Tailoring windows of opportunity for prophylactic vaccines

Experimental observations and modeling studies showed that immune responses dynamics were not dependent on viral dynamics but mainly on the initial stimulation of the immune cells38,39,40,41. Thus, we assumed the IgG dynamic elicited from a vaccination is independent of the viral replication dynamic. In addition, experimental data showed that challenging vaccinated-NHPs with EBOV briefly boosted the IgG dynamic from the immediate state to a higher level29. In the used data11, the IgG dynamic also showed a slight boost in some animals after a week. Here, we assumed that EBOV infection would elicit the same IgG dynamic as in the case of vaccination modeled by Eq. (5), i.e., term Ab in Eq. (6). Consequently, the IgG dynamic promoted from EBOV infection is accumulated to the IgG dynamic elicited from a vaccine supplied to the host κ days prior to the infection, i.e., term Ab(κ + t) in Eq. (6). Numerical simulations showed a good resemblance to the used IgG data (Fig. S1). Considering these altogether, the viral replication model Eq. (2) was extended to

$$\frac{dV}{dt}={r}_{V}V\,(1-\frac{V}{{K}_{V}})\,(\frac{V}{{I}_{n}+V})\,(1-\frac{Ab+\omega Ab(t+\kappa )}{{K}_{Ab}}).$$
(6)

The parameter K Ab was introduced to the EBOV replication dynamic (Eq. (2)) to reflect a functional threshold at which the antibody titers inhibit EBOV net growth rate. Crossing this threshold leads to the virus titer being cleared. Only subjects those had been vaccinated κ days before the infection have ω = 1, otherwise ω = 0.

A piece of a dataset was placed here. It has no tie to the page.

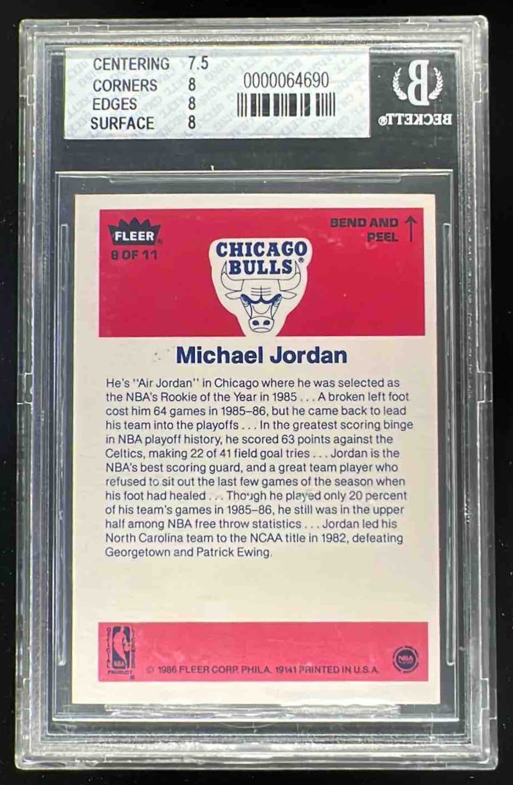 1986-87 Fleer Stickers #8 Michael Jordan RC BGS 8

To test if this model can reproduce the data, the IgG titer and viral load data of two animals vaccinated three days before EBOV infection were used (M31 and M32); these were the only two animals with detectable viral titers in the experiment11. Firstly, the antibody dynamic Ab was obtained by fitting the equations Eqs (3)–(5) to the IgG data of the two subjects. The parameter r Ab was refitted to allow subject-specific responses while fixing the rest of parameters to the previously obtained estimates from the data of all subjects (Fig. 2A, Table S2). Afterwards, the Ab outputs were used as inputs to fit the model Eq. (6) to viral titers data of the two subjects. With the assumption that EBOV would replicate similarly among infected subjects, only the parameter K Ab was estimated while fixing the other parameters to the previously obtained estimates from the model Eq. (2). Figure 3D,E show that the model Eq. (6) could reproduce the viral dynamics in the two subjects (M31 and M32). Different estimates of K Ab were obtained for each subject, suggesting possibly subject-specific antibody working thresholds.

Figure 3
figure 3

Effects of the IgG antibody on controlling viral load. (AC) Fitting the IgG dynamic model Eqs (3)–(5) to the IgG data of the three subjects vaccinated three days before the EBOV challenge. Noting that the M31 had an exceptional low baseline IgG (100) while all other animals had a higher baseline (ranged from 200–400 with a mean of 269). (D,E) Fitting the viral dynamic model Eq. (6) to the viral load data of the two subjects vaccinated three days before the EBOV challenge. The model without vaccination (solid black line) is added as reference. (F) Functions of IgG effect on controlling viral growth in each subject.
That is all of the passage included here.